Born in the eastern town of Rourkela, Badami spent her childhood drifting around India as her father, a mechanical engineer and train designer, was transferred frequently. Her family moved at least eight times before she was twenty. Since her parents both spoke different Indian dialects, English was the bridging language for the family. (Badami's second language is Hindi.) The convent nuns who took care of her schooling were not always a receptive audience for Badami's budding literary talents. "Dear child," one of her teachers commented in response to a writing assignment, "what big lies you tell. Please ask your mother to see me." At school the nuns taught Greek and Roman myths, and even Celtic tales. "The only mythology I don't remember learning in school was Hindu mythology," Anita recalls. At home, however, Badami was immersed in the cultures and myths of her family and the multilingual railway workers. This mélange of myths informed Badami's formidable storytelling ability and shaped the exploration of heroism that runs throughout her latest novel.

In 1991 Anita Rau Badami left Bangalore in southern India to join her husband in Calgary, where he went to pursue his Masters in Environmental Science and then to Vancouver for a PhD in Planning.

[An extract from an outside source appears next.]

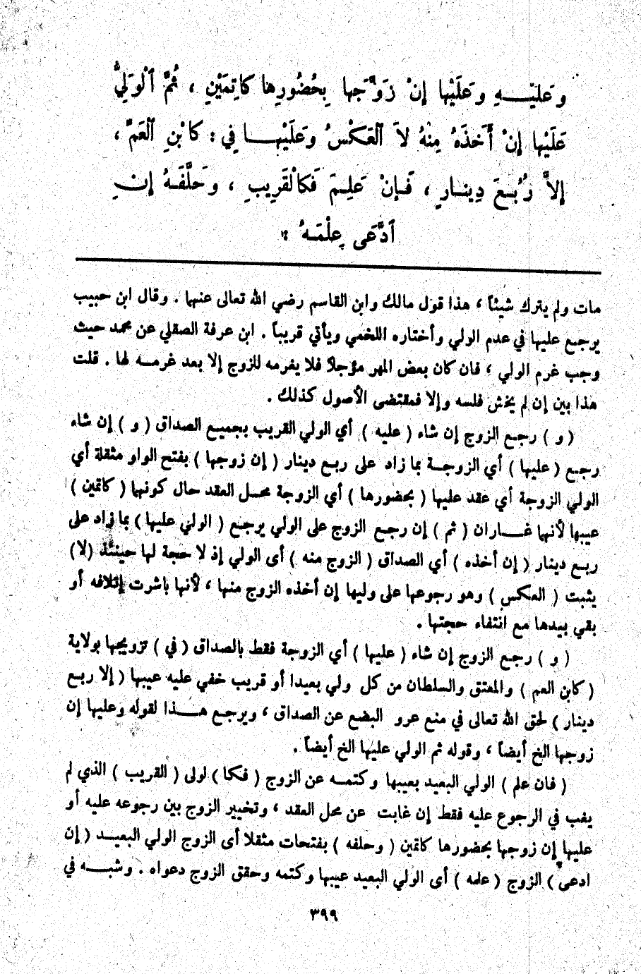 (وَ) رَجَعَ الزَّوْجُ إنْ شَاءَ (عَلَيْهَا) أَيْ الزَّوْجَةِ فَقَطْ بِالصَّدَاقِ (فِي) تَزْوِيجِهَا بِوِلَايَةٍ (كَابْنِ الْعَمِّ) وَالْمُعْتَقِ وَالسُّلْطَانِ مِنْ كُلِّ وَلِيٍّ بَعِيدًا أَوْ قَرِيبًا خَفِيَ عَلَيْهِ عَيْبُهَا (إلَّا رُبْعَ دِينَارٍ) لِحَقِّ اللَّهِ تَعَالَى فِي مَنْعِ عُرُوِّ الْبُضْعِ عَنْ الصَّدَاقِ، وَيَرْجِعُ هَذَا لِقَوْلِهِ وَعَلَيْهِمَا إنْ زَوَّجَهَا إلَخْ أَيْضًا، وَقَوْلُهُ ثُمَّ الْوَلِيُّ عَلَيْهَا إلَخْ أَيْضًا.

Arriving with their four-year-old son and five hundred dollars, the family was soon ensconced in a depressing basement apartment. To earn money, the former journalist, ad copywriter and children's writer ended up selling china in a mall. Of this time, Badami says, "I learned an awful lot about figurines and place settings, but I also made the most wonderful friends."

Badami began taking creative writing courses and wound up with Tamarind Mem, her master's thesis project at the University of Calgary. She sent the manuscript to Penguin Canada and quickly found herself a bestselling author with a reputation as a talented new Canadian writer. Her stories of home and away, of here and there, made her a part of the tradition Badami refers to as the post-postcolonial-immigrant school that began with Salman Rushdie's Midnight's Children. "I don't think I could have written a novel if I had not left India," Badami said in an interview with The Globe and Mail. "I find that the distance gives me perspective and passion. I was twenty-nine years in India and ten years here, so I have a foot in India and a couple of toes here. I am both doomed and blessed, to be suspended between two worlds, always looking back, but with two gorgeous places to inhabit, in my imagination or my heart."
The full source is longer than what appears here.